Santa didn’t respond, other than to hoist the sack of gifts over his shoulder and walk to the stairs. They followed him up and into their room, John biting his lip the whole time. He opened the window, and they followed Santa out onto the ledge, and clambered up to the chimney.

A sleigh was on the roof, with a team of reindeer hitched to it. A few of them pawed at the shingles.

“Hey, where’s Rudolph?” John said.

Santa glared, and John felt his cheeks flush.

Santa got into the sleigh, and Matty slid in behind him. He looked at his brother.

“Are you coming, John?”

He hesitated a moment, looking at the gun his brother had aimed at Santa’s back. Santa. This was so…but the train filled his mind, that wonderful, marvelous choo-choo train. He got into the sleigh, Woofers squeezed against his side.

Santa tugged on the reins, and off they went. The sleigh lifted up into the sky, up into the clouds, and John gripped the side of the sleigh. He had never experienced anything so exhilarating.

It was cold up there, though, and soon John’s teeth were chattering. Matty started shaking, too.

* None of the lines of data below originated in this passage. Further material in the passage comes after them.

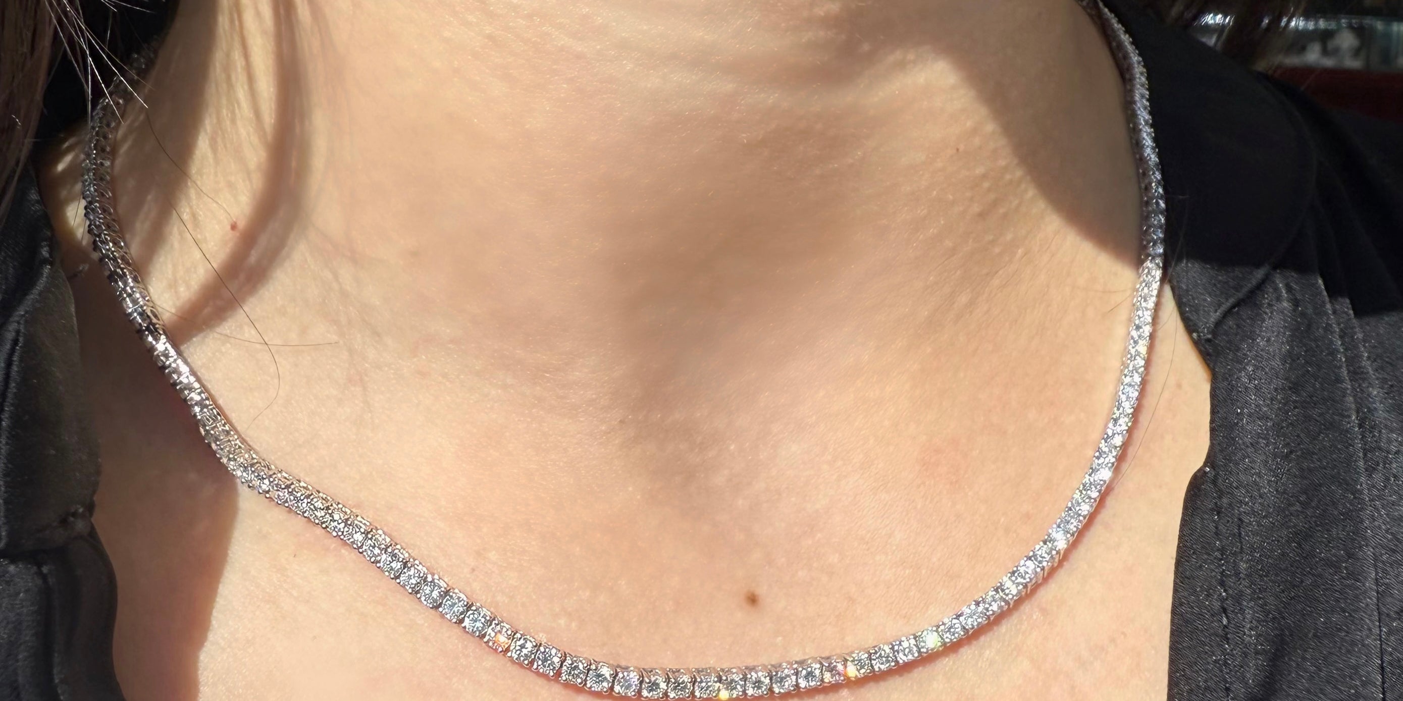 Tennis Necklace 14KT White Gold Lab Grown Diamond – 13.72 Carat Total, 16-Inch Length
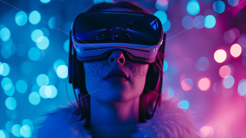 Woman with VR glasses neon lights
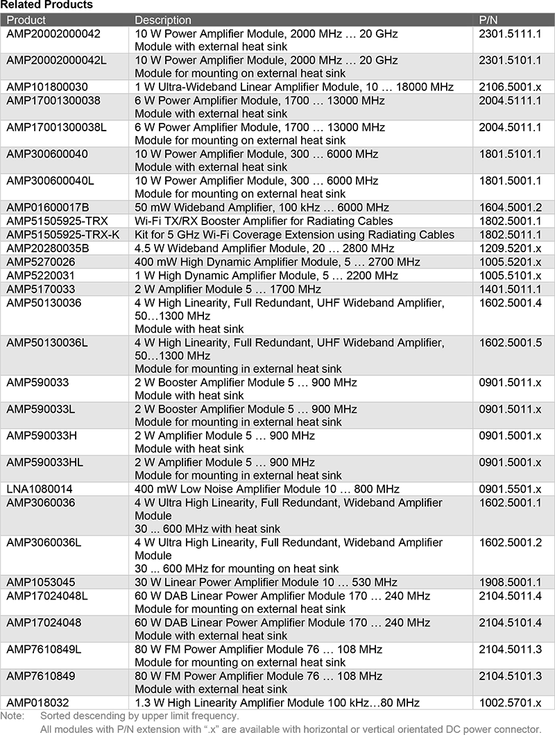 內部整合高效濾波器與低雜訊穩壓供電電路,有效抑制雜散訊號(spurious signal),提升輸出訊號純度,電源供應具備反極性保護設計,避免安裝錯誤造成損壞;同時支援寬範圍直流電壓輸入,應用彈性更高。模組外殼設有 LED 指示燈,可清楚顯示電源狀態與模組運行狀態;此模組設計為外部散熱器安裝型,可由使用者依應用需求搭配合適散熱方案。

After they had flown a while, Santa spoke.

“You know, it’s kind of funny. A crack up, really. I’ve dealt with some spoiled brats over the years, but you two take the cake. Jackin’ Santa for more toys. Now I’ve seen it all.”

“Put a sock in it,” Matty said.

Santa turned, and there was a wild look in his eyes John didn’t like one bit.

“I’ve had enough of your lip, little boy. We’re in my sleigh now, and that trinket of yours can no longer hurt me.”

Santa leaned forward, and Matty pulled the trigger. Once, twice, three times…nothing happened. Santa pulled the gun from his hands and pitched it over the side.

“Whaddya think of yourself now, hmm, Matty?”

John gasped. He stared at his brother, and saw tears.

“I…” Matty said, hands up. “I don’t…”

“What’s a matter, kid? Lose that cheeky tongue a yours?”

Matty scrambled back until he was pressed against the toy sack. He turned to John, lips trembling.

“Oh, you don’t look so good.” Santa grinned, and it was a grin far scarier than Matty’s had been. “Tell you what, why’nt you catch some fresh air?”

And with that, he grabbed Matty by the throat and chucked him over the side.

John watched his brother plummet, screaming. Matty’s mouth opened in a voiceless bellow. He fell through a cloud and was gone.

John turned back to Santa, his mouth opening and closing, tears streaming down his cheeks. “Please…my brother, I…please don’t hurt me. Please let me go.”

Santa leaned his head back. “Ho ho ho!” Looking back at him, he said, “Time to toughen you up, John. You’ll make a fine addition to my workshop.”

He looked back to the reins, and the sleigh turned north. John pulled Woofers close and moaned into the night.